THE DATA

---+---

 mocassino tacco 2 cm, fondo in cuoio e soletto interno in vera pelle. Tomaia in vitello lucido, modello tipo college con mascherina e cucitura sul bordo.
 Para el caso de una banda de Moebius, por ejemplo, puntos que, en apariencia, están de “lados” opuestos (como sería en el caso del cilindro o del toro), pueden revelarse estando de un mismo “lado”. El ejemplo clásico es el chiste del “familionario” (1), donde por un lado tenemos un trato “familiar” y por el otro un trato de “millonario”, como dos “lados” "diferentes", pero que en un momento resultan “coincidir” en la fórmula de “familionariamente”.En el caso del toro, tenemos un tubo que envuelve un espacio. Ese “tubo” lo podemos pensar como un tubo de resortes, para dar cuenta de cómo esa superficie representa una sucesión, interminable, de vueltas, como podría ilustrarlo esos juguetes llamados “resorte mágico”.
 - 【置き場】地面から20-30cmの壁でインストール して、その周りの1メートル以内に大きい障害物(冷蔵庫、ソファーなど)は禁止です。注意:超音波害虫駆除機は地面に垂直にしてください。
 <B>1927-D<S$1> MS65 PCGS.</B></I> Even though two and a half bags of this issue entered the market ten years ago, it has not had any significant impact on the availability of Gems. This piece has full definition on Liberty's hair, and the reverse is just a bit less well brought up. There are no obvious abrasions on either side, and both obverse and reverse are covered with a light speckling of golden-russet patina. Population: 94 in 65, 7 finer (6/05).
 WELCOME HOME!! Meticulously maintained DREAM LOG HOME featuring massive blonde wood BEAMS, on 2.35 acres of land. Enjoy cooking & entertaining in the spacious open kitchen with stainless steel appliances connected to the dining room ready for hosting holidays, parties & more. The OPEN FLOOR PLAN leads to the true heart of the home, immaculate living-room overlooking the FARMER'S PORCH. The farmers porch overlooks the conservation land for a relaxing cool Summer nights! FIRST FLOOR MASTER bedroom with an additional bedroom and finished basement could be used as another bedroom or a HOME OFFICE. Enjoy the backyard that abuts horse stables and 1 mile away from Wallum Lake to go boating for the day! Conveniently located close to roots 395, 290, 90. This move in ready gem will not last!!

---+---

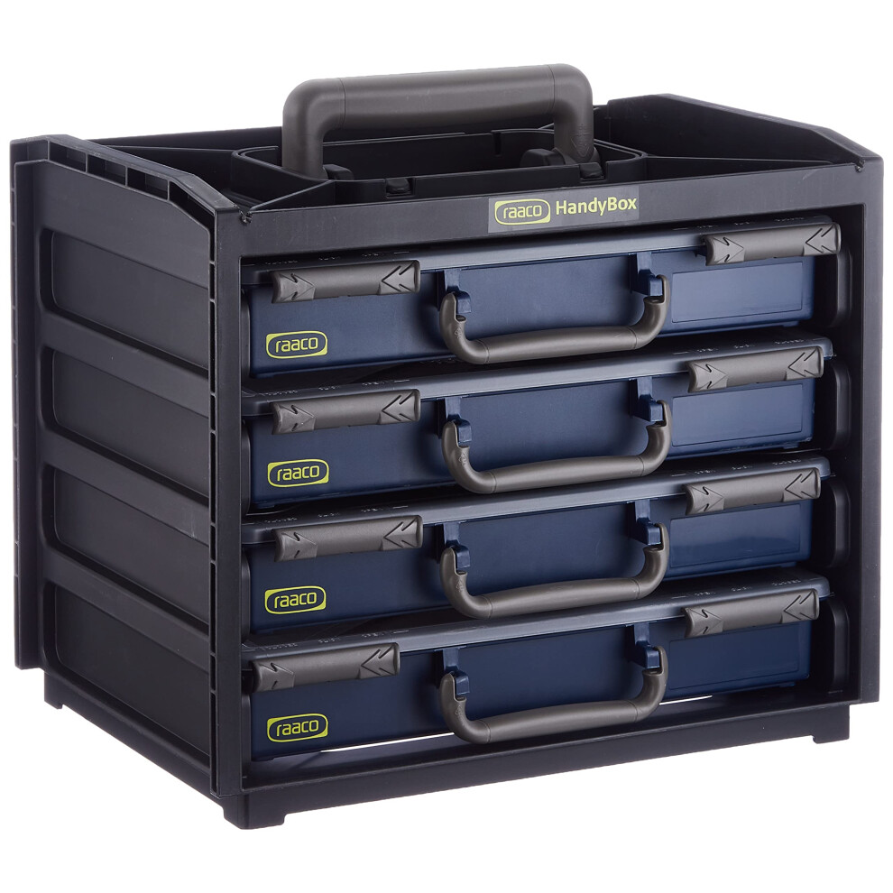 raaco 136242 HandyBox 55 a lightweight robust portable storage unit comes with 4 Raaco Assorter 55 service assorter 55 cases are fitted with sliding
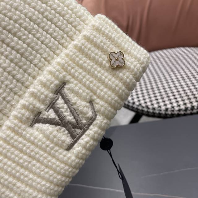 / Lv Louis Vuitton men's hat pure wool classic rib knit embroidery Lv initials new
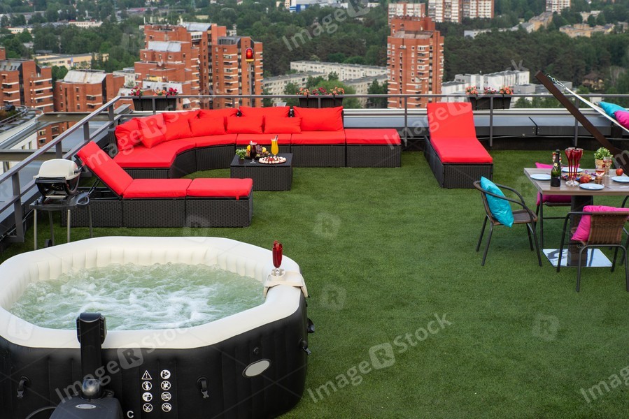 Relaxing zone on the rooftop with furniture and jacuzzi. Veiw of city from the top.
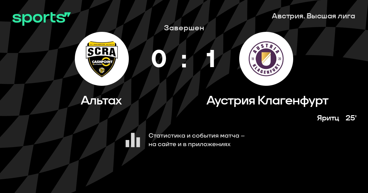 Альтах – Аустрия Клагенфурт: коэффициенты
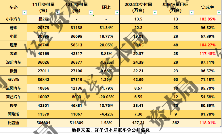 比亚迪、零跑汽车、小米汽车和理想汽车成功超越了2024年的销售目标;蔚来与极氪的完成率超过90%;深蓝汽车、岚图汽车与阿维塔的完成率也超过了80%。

---+---

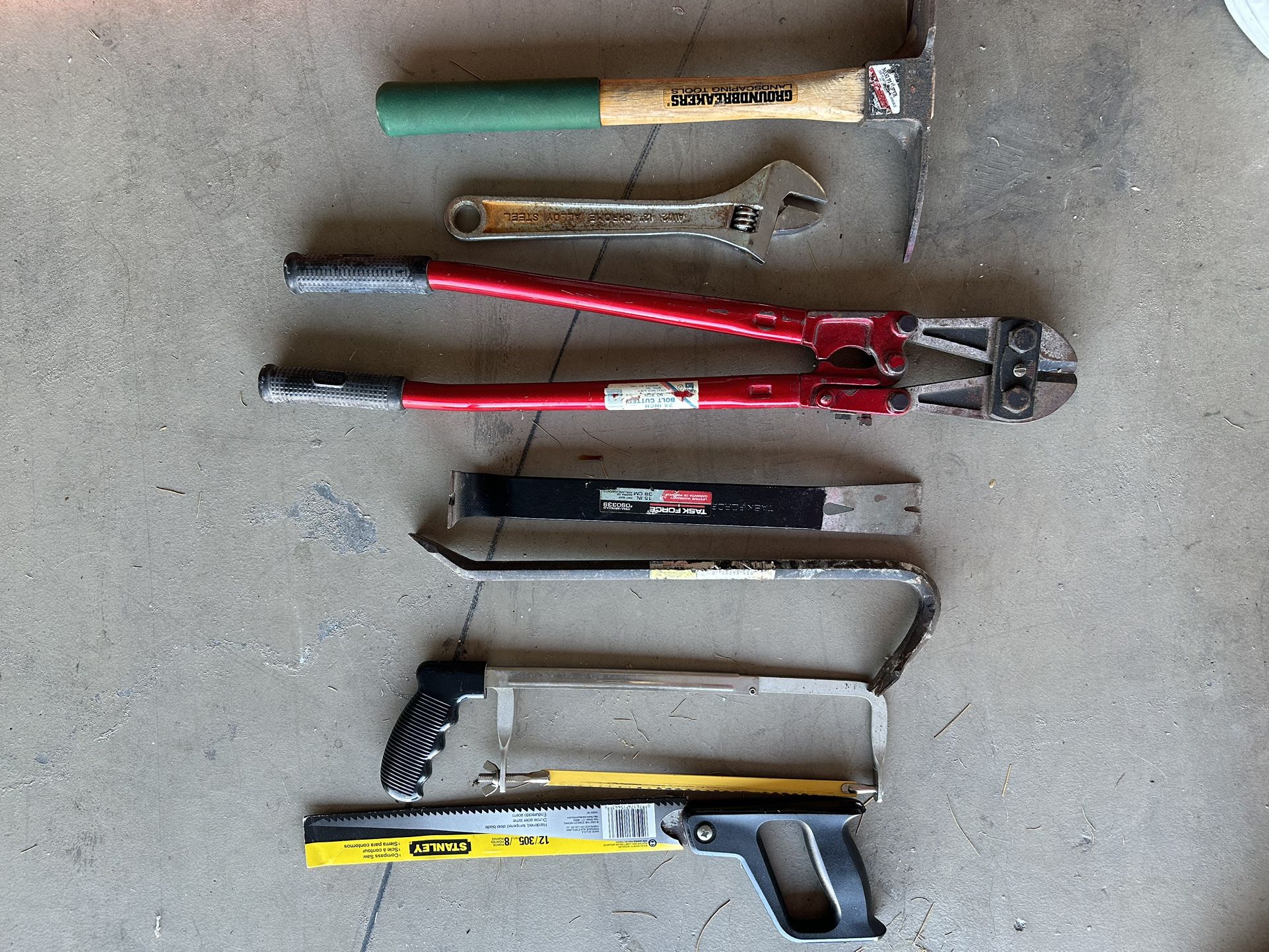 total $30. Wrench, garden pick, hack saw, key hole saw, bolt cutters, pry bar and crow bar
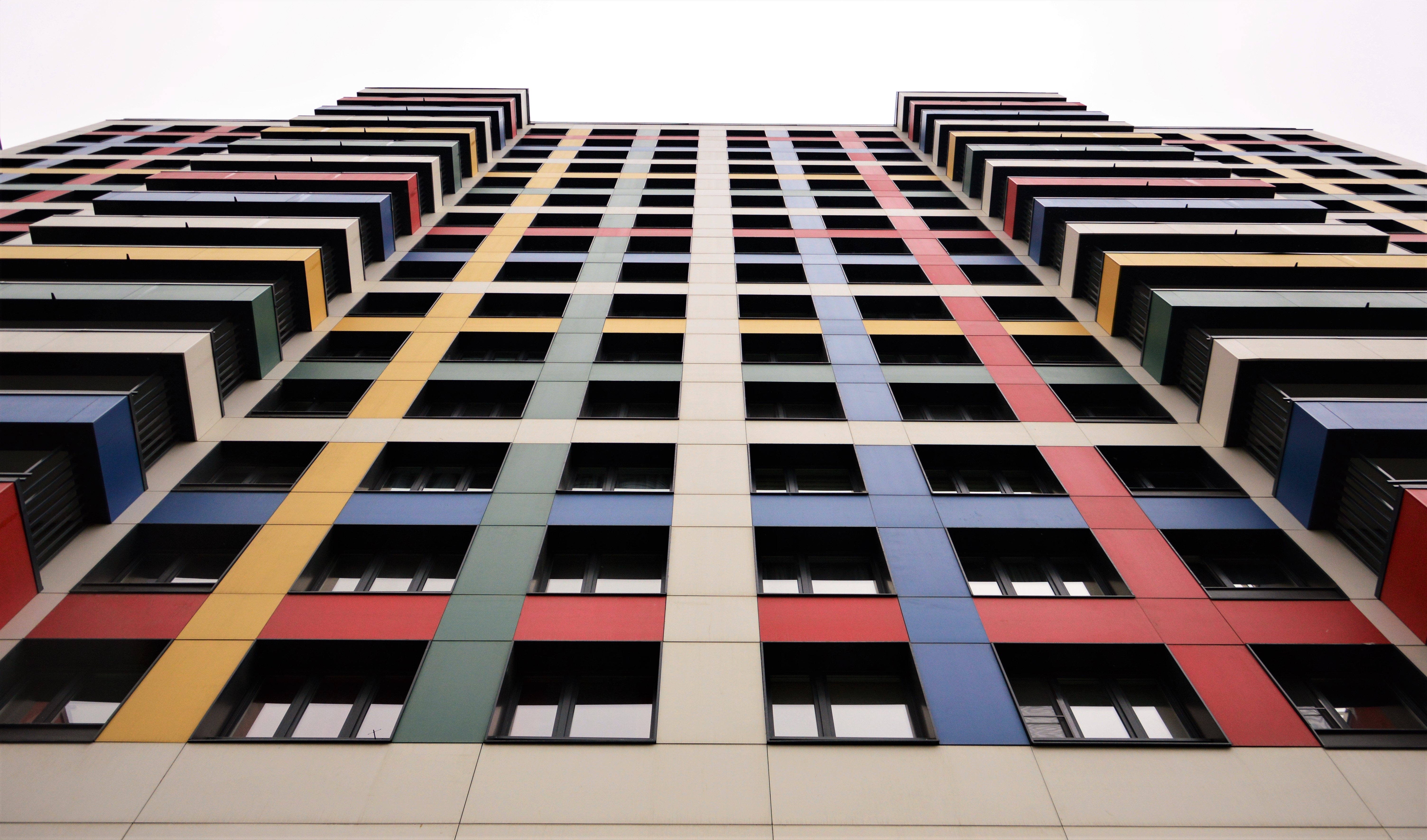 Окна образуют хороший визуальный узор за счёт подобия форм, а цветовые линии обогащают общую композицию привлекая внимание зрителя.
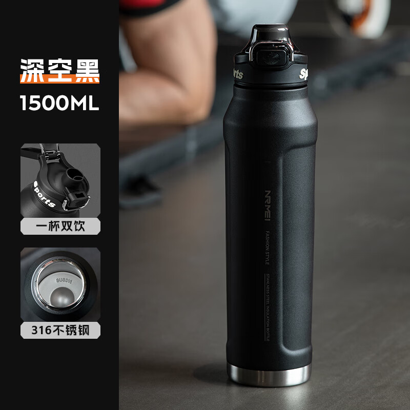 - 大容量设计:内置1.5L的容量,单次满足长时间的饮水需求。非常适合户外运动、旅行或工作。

---+---

EXERCISE
A verbatim reproduction is expected: starting at the line above that has "Окна образуют хороший", ending at the line that has "- 大容量设计:内置1.5L", both included, and with no pictures and no other lines.

SOLVED EXERCISE
 Окна образуют хороший визуальный узор за счёт подобия форм, а цветовые линии обогащают общую композицию привлекая внимание зрителя.
 - 大容量设计:内置1.5L的容量,单次满足长时间的饮水需求。非常适合户外运动、旅行或工作。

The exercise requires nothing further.